Covid-19 has left the world in a difficult place where protecting our lives is our main priority. After the first wave of the virus, scientists got immersed in their struggles to find an effective vaccination for this virus. Almost forty percent of U.S is now fully vaccinated against covid-19. Which makes approximate 296 million dozes. The pandemic situation however is not at rest. The virus keeps on evolving and spreading, effecting more population than before.
Biotech consulting firms are taking charge of boosting the vaccine’s efficiency
Taking help from many life science consulting firms, scientists are keeping a close eye on Covid-19 vaccination shots and are observing whether they might need boosters or not. The process of phase I/II clinical trial of checking the efficiency and safety of covid-19 vaccination boosters have been started; announced by the National Institute of Health (NIH).
Many Biotech consulting firms are taking charge and responding to the vaccines, boosting efficiency by joining hands with pharmaceuticals.

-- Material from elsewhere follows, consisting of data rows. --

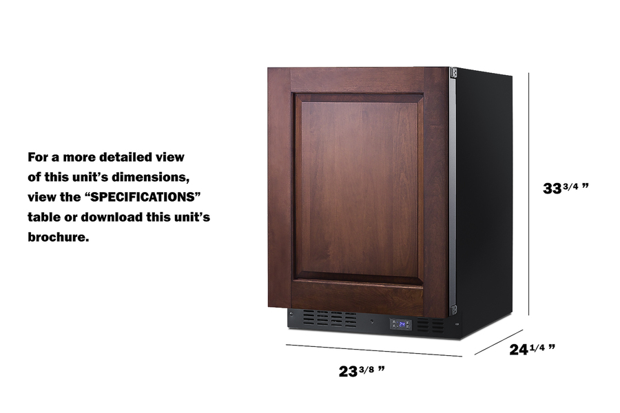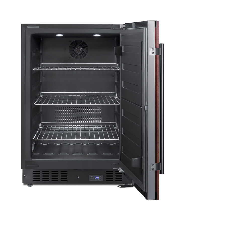 Summit's SCFF53B Series brings quality and convenience under the counter with a fully featured lineup of built-in frost-free all-freezers. Sized with a convenient 24" footprint, the SCFF53BIF freezer can be used built-in or freestanding. It has a black cabinet with a sealed back for easy cleaning. The door comes with a European style fully articulating hinge, making it easy to install an overlay panel to create a custom look that blends into your cabinetry. Inside, the SCFF53BIF utilizes frost-free operation with fan-forced cooling to ensure low maintenance and even temperature distribution. Recessed LED lighting offers an attractive yet efficient look. The digital thermostat makes it easy to manage the interior temperature. This unit includes adjustable chrome shelves for flexible storage. Additional features include an open door alarm, high temperature alarm, and Sabbath mode setting that lets you disable some of the electrical elements during periods of observance. With its deluxe style and user-friendly features, this unit is the perfect choice for home kitchens. For a matching frost-free all-refrigerator, see the FF64BIF.
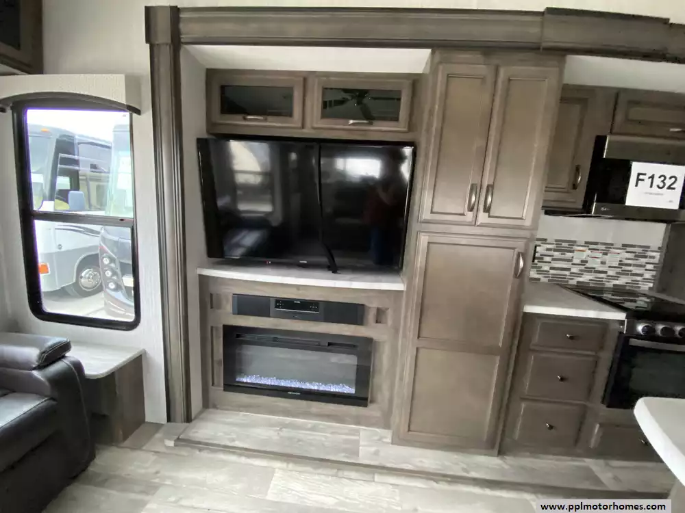 The heart of this coach is its innovative floor plan, which utilizes three slide-outs to create an expansive and inviting living environment. The triple-slide configuration significantly opens up the interior, providing a spacious island kitchen and a rear living area that feels like a custom home. This unit is equipped with a large refrigerator to keep your supplies fresh for the long haul, while the opposing slides maximize floor space to accommodate comfortable seating and large picture windows that flood the coach with natural light.
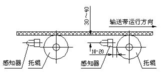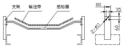 (2) B型感知器為槽型,應(yīng)安裝在帶式輸送機(jī)落料點(diǎn)緩沖托輥之間。見(jiàn)圖5、6。

Our Familiarity with Booster Vaccines
Booster vaccination are not foreign to Americans. They receive boosters linked to vaccines of their childhood. Also known as MMR vaccines. The boosters are recommended to people of age ranging from 4 to 6 years olds. And for students attending colleges or people living in places that have high risks.
U.S childhood vaccines currently can replicate resulting in immunity against the disease for a life time. Whereas the vaccine against corona virus are mRNA based and have no such potential. Hence have more possibility of fading in near future. The scientists are observing as to how quickly the immunity against covid-19 leaves the vaccinated body.
As per the scientific research
According to the trail issued by NIH the adults of U.S who have been vaccinated will receive the boosters produced by Moderna. Regardless of the fact that their previous vaccine doze can be of either 3 companies: Moderna, Pfizer, Johnson & johnson.
The process of trial proceeds in a way where 150 people will be enrolled into 6 groups. Each group containing approximate 25 people. The age limit of each group will be 18 to 55. Maximum 25 people will be of age 56 and above. These groups of people will receive boosters 12 to 20 weeks after their vaccination shot.
An additional group of people will be made of adults who have not taken the FDA approved vaccination. These people will first receive the Modern vaccination shots and then boosters following respective weeks later.
Participants will be in touch and observed by the scientists
These participants will be in touch and observed by the scientists for over a year. Leading to blood testing for checking the immunity responses, virus activity, etc.
If a person shows similar features of covid-19 then his genetics will be analyzed. That if the symptoms are caused by genetic alteration. The initial results are to arrive at the end of summer.